### Required action
All lines from the top of the records below through the line holding "食堂に集まり、食事や職員によ", and only those, should be printed exactly, minus the pictures.

- - -

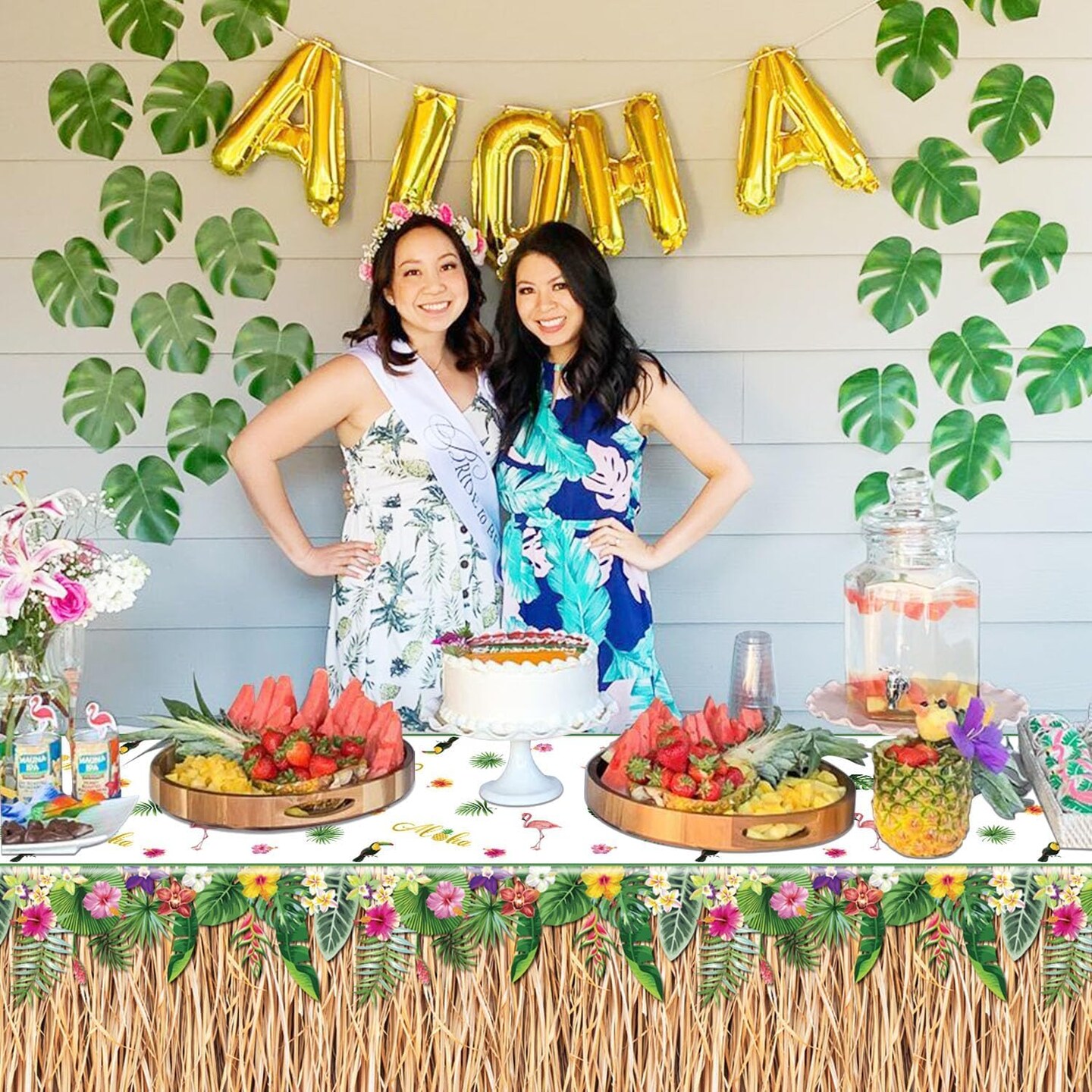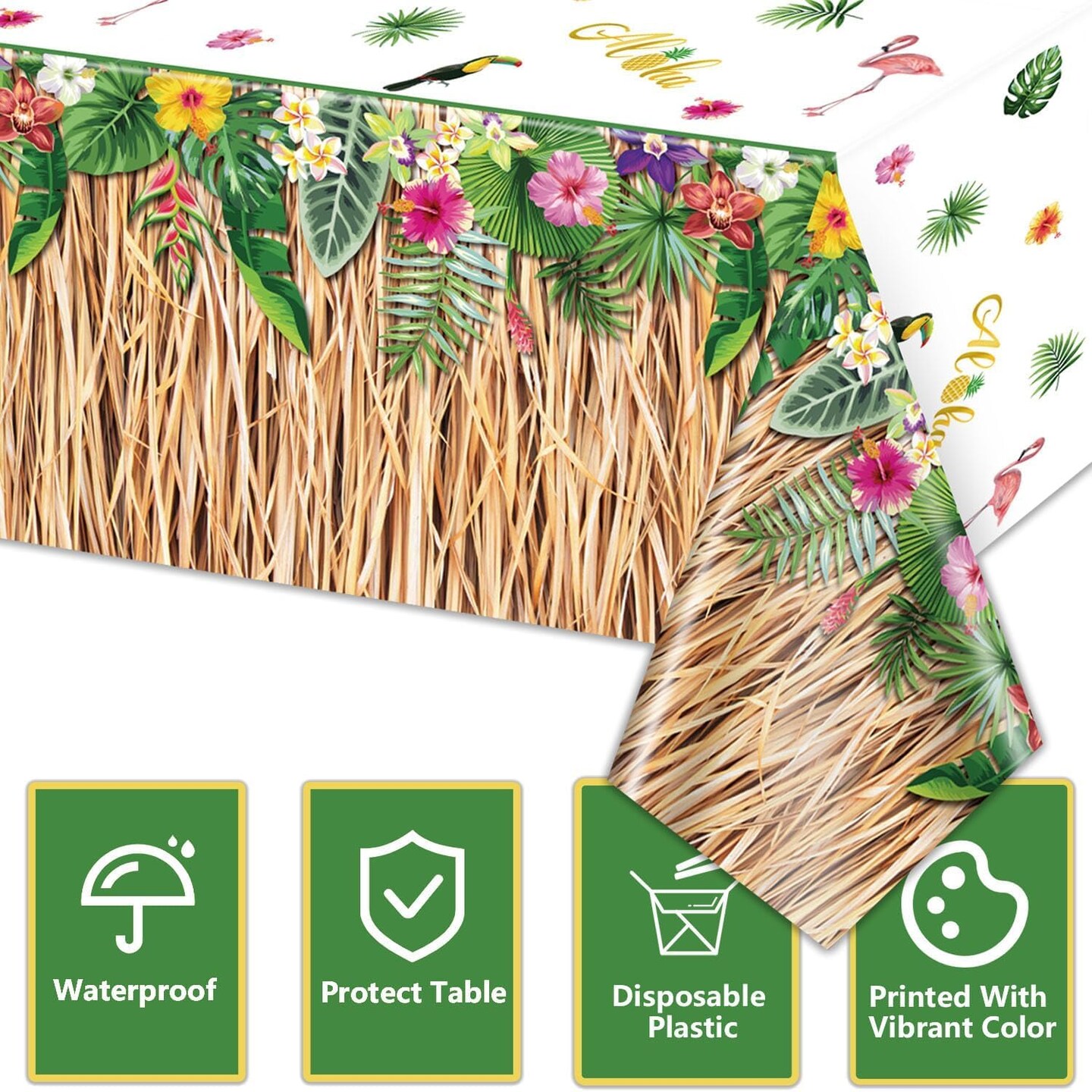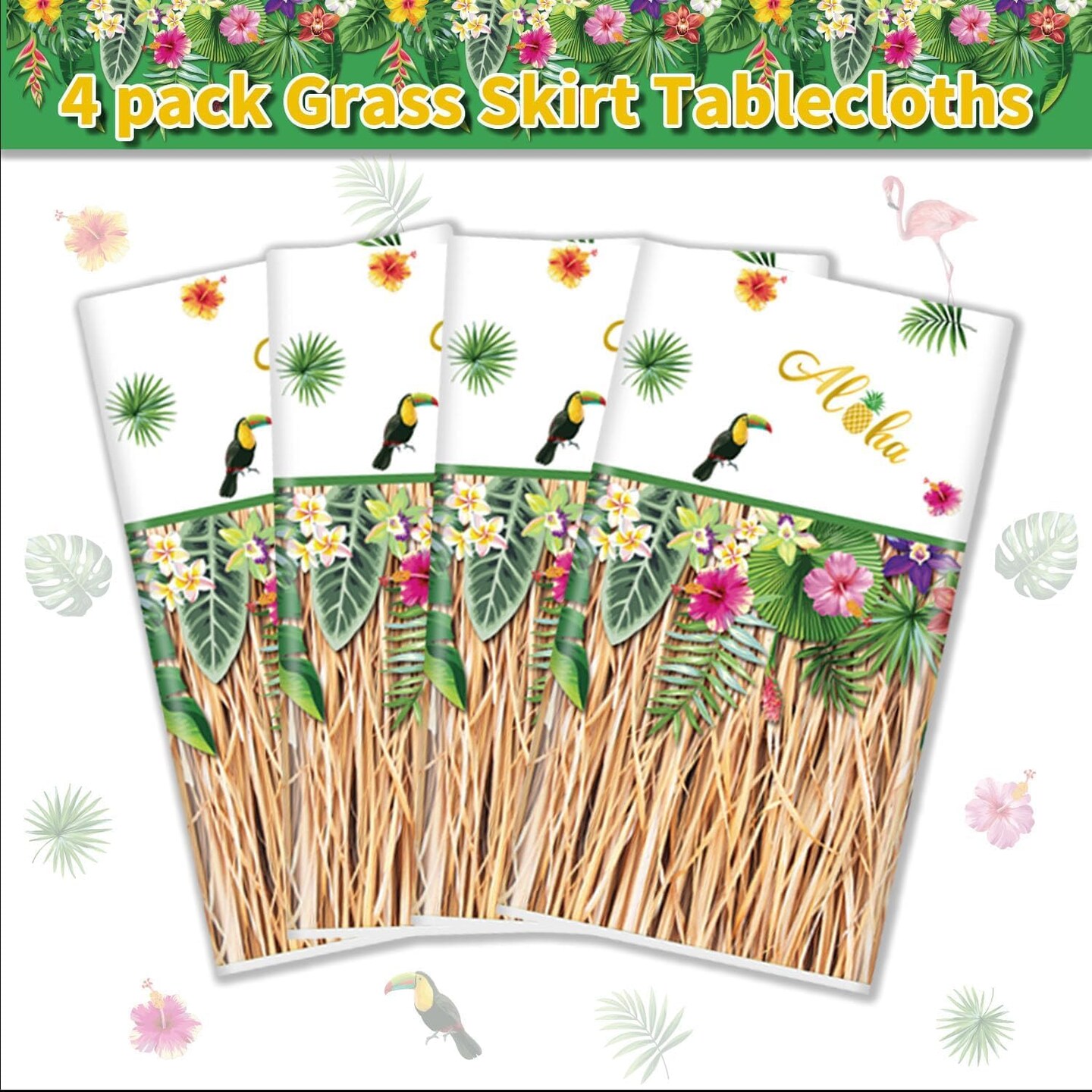 4 Pack Hawaiian Luau Grass Tablecloths, Hawaii Luau Table Skirt Party Decorations
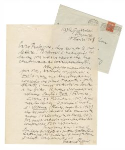 PAPINI Giovanni, Lettera autografa firmata inviata a Giorgio Pillon. Datata 15 marzo 1948.
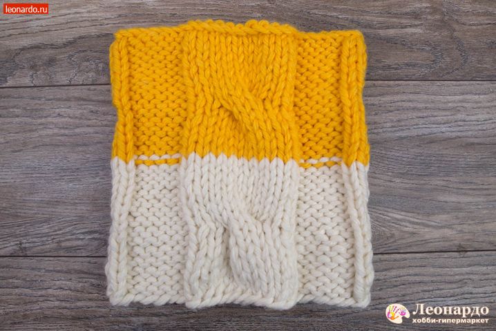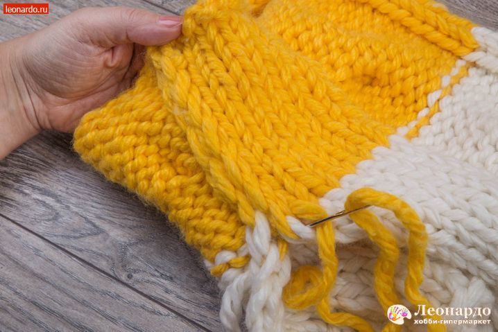 13. Выворачиваем снуд на изнаночную сторону, соединяем две коротких стороны и начинаем сшивать швом «назад иголка» оставшейся желтой нитью.
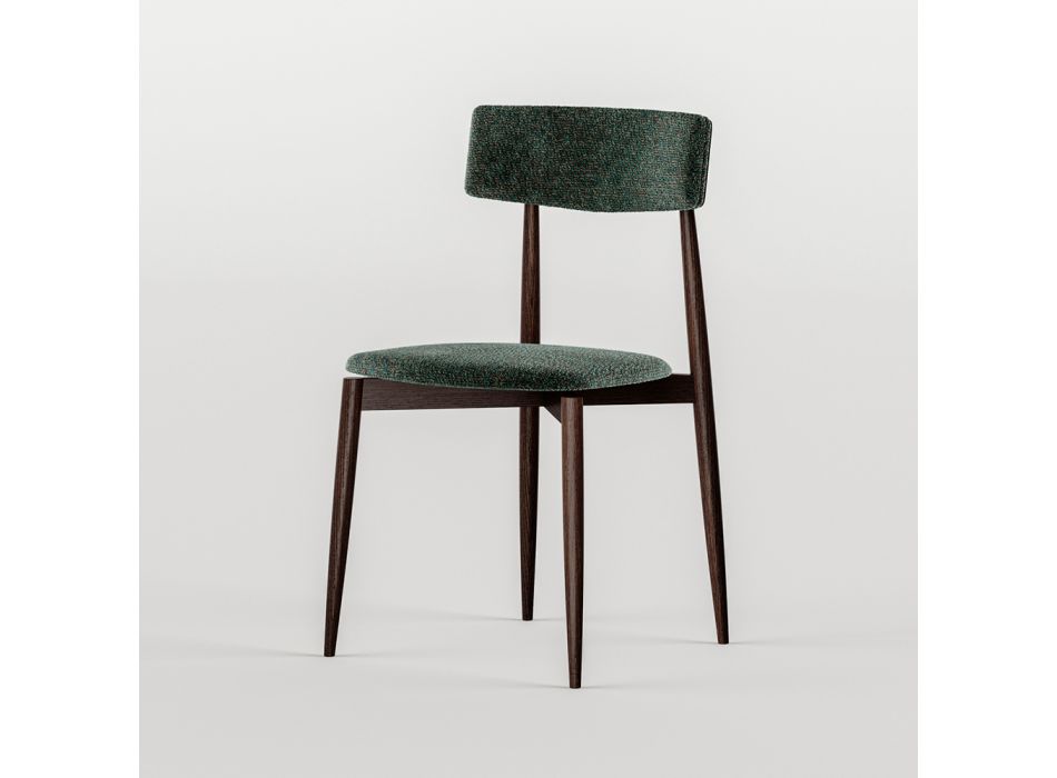 4 sillas de salón fabricadas en madera maciza de fresno con asiento moldurado y acolchado, tapizado en tejido desenfundable. El respaldo es de madera curvada en la parte posterior, acolchado y tapizado en tela en la parte delantera con costura de cordón en el borde. La unión entre el respaldo y la estructura es de metal pulido. Práctico y versátil es la combinación de minuciosos procesos manuales y el uso de máquinas de última generación. La atención al detalle, desde el detalle metálico en el respaldo hasta la forma especial de las patas, pasando por las combinaciones con tejidos exclusivos, la convierten en una silla refinada y con carácter.
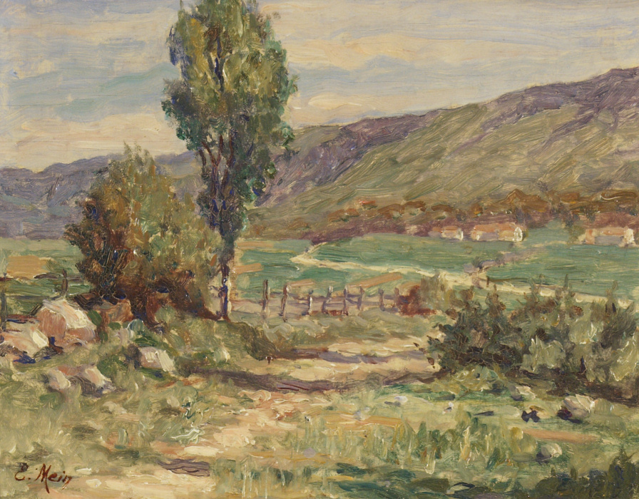 Un petit chemin ensoleillé au milieu des champs. À gauche, un arbre et des arbustes. Au fond, le hameau des « Chaberts » et la chaîne du Vercors.
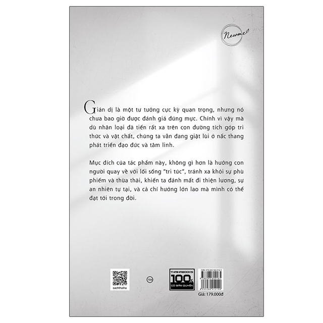 Cuốn sách này không phải là một cẩm nang về cách sống, hay hướng dẫn bạn thực hành một lối sống chuẩn mực. Thay vào đó, cuốn sách đi sâu hơn trong việc lý luận và xây dựng một hệ thống tư tưởng cho một cuộc sống đơn giản và hiệu quả.
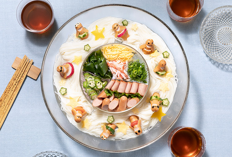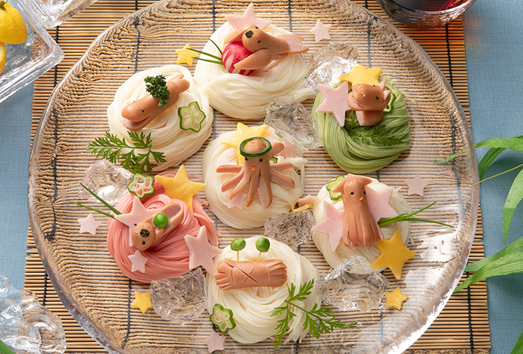 だんだんと暑くなってくるこの時期。水辺の仲間たちをトッピングしたそうめんに子供たちも大喜び。
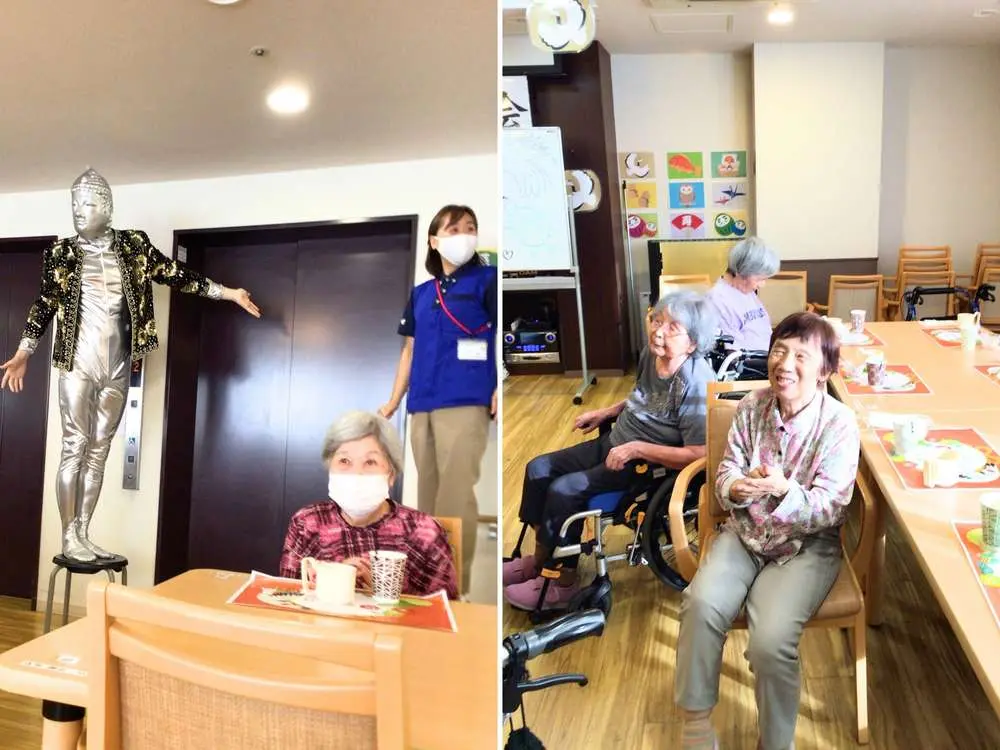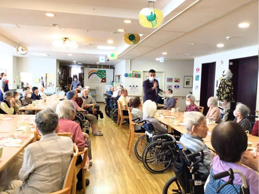 食堂に集まり、食事や職員による出し物などを通し、笑顔あふれるひとときを過ごしました。
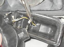 10. Пометив или запомнив расположение трех проводов, отсоединяем их от выводов фонаря.
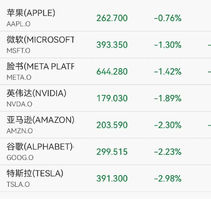 大型科技股集体下跌,谷歌、英伟达、特斯拉跌超2%。
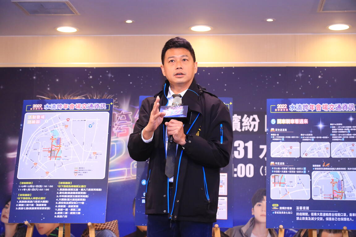 在交通方面,交通局長葉昭甫指出,市府規劃4條免費接駁車路線,分別為秋紅谷線、市政府線、松竹線及北水湳線,各接駁站往會場的發車時間為31日晚間5時至11時30分;回程發車時間為晚間10時至隔天凌晨1時30分,班距約10至15分鐘一班,坐滿即發車,此次也是中捷綠線通車後第一次跨年活動,歡迎搭乘捷運、台鐵、公車等大眾運輸工具,再轉乘免費接駁車至會場,交通資訊歡迎至台中跨年網站(https://taichungnewyear.com.tw/2022/traffic.html )查詢。
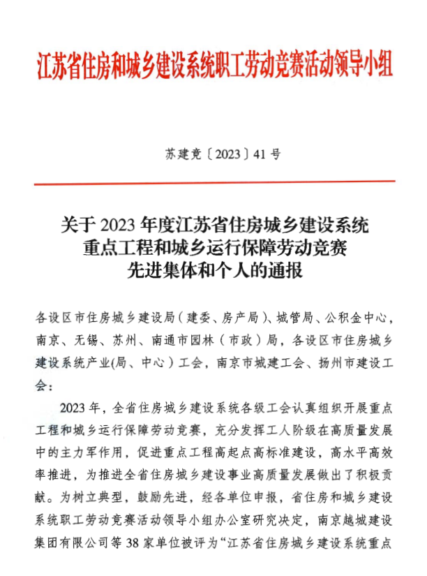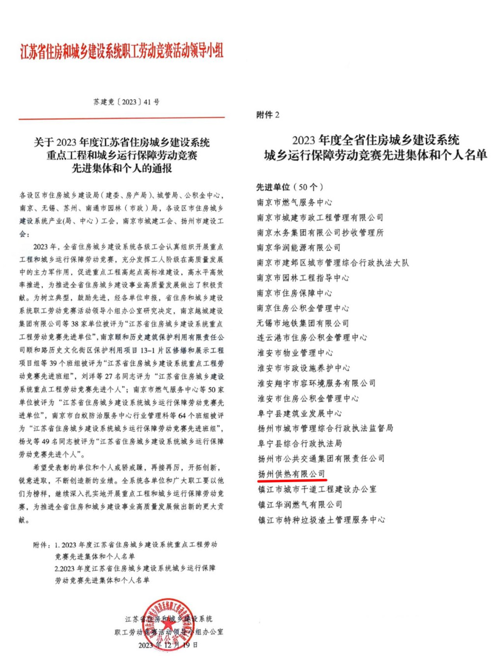 近日,江苏省住房城乡建设系统职工劳动竞赛活动领导小组发布《关于2023年度江苏省住房城乡建设系统重点工程和城乡运行保障劳动竞赛先进集体和个人的通报》,供热公司被授予“2023年度江苏省住房城乡建设系统城乡运行保障劳动竞赛先进单位”光荣称号。
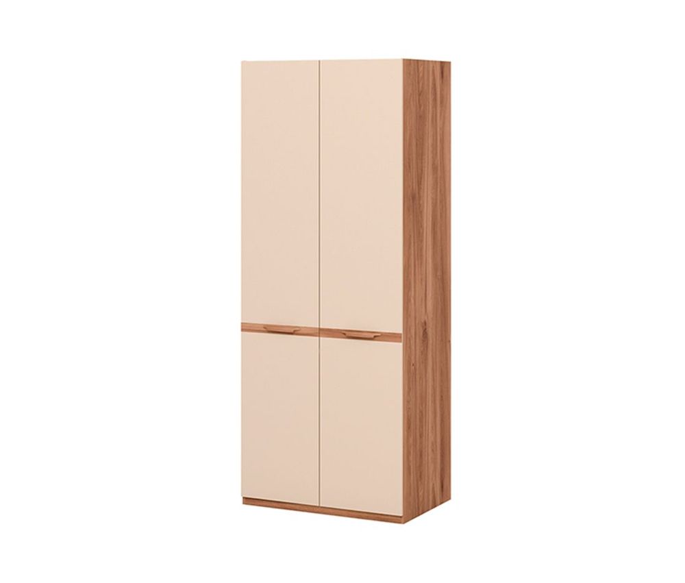 Благодаря визуальному «разделению» фасадов на две составляющие части в пропорциях «золотого сечения» и горизонтальной ручке, шкафы из коллекции AMBER выглядят выше, чем есть на самом деле. Интегрированные ручки из массива покрыты итальянским матовым лаком и удобны как для женской, так и для мужской руки.

- - -

### Task result
 4 Pack Hawaiian Luau Grass Tablecloths, Hawaii Luau Table Skirt Party Decorations
 PAPINI Giovanni, Lettera autografa firmata inviata a Giorgio Pillon. Datata 15 marzo 1948.
 13. Выворачиваем снуд на изнаночную сторону, соединяем две коротких стороны и начинаем сшивать швом «назад иголка» оставшейся желтой нитью.
 4 sillas de salón fabricadas en madera maciza de fresno con asiento moldurado y acolchado, tapizado en tejido desenfundable. El respaldo es de madera curvada en la parte posterior, acolchado y tapizado en tela en la parte delantera con costura de cordón en el borde. La unión entre el respaldo y la estructura es de metal pulido. Práctico y versátil es la combinación de minuciosos procesos manuales y el uso de máquinas de última generación. La atención al detalle, desde el detalle metálico en el respaldo hasta la forma especial de las patas, pasando por las combinaciones con tejidos exclusivos, la convierten en una silla refinada y con carácter.
 Un petit chemin ensoleillé au milieu des champs. À gauche, un arbre et des arbustes. Au fond, le hameau des « Chaberts » et la chaîne du Vercors.
 Cuốn sách này không phải là một cẩm nang về cách sống, hay hướng dẫn bạn thực hành một lối sống chuẩn mực. Thay vào đó, cuốn sách đi sâu hơn trong việc lý luận và xây dựng một hệ thống tư tưởng cho một cuộc sống đơn giản và hiệu quả.
 だんだんと暑くなってくるこの時期。水辺の仲間たちをトッピングしたそうめんに子供たちも大喜び。
 食堂に集まり、食事や職員による出し物などを通し、笑顔あふれるひとときを過ごしました。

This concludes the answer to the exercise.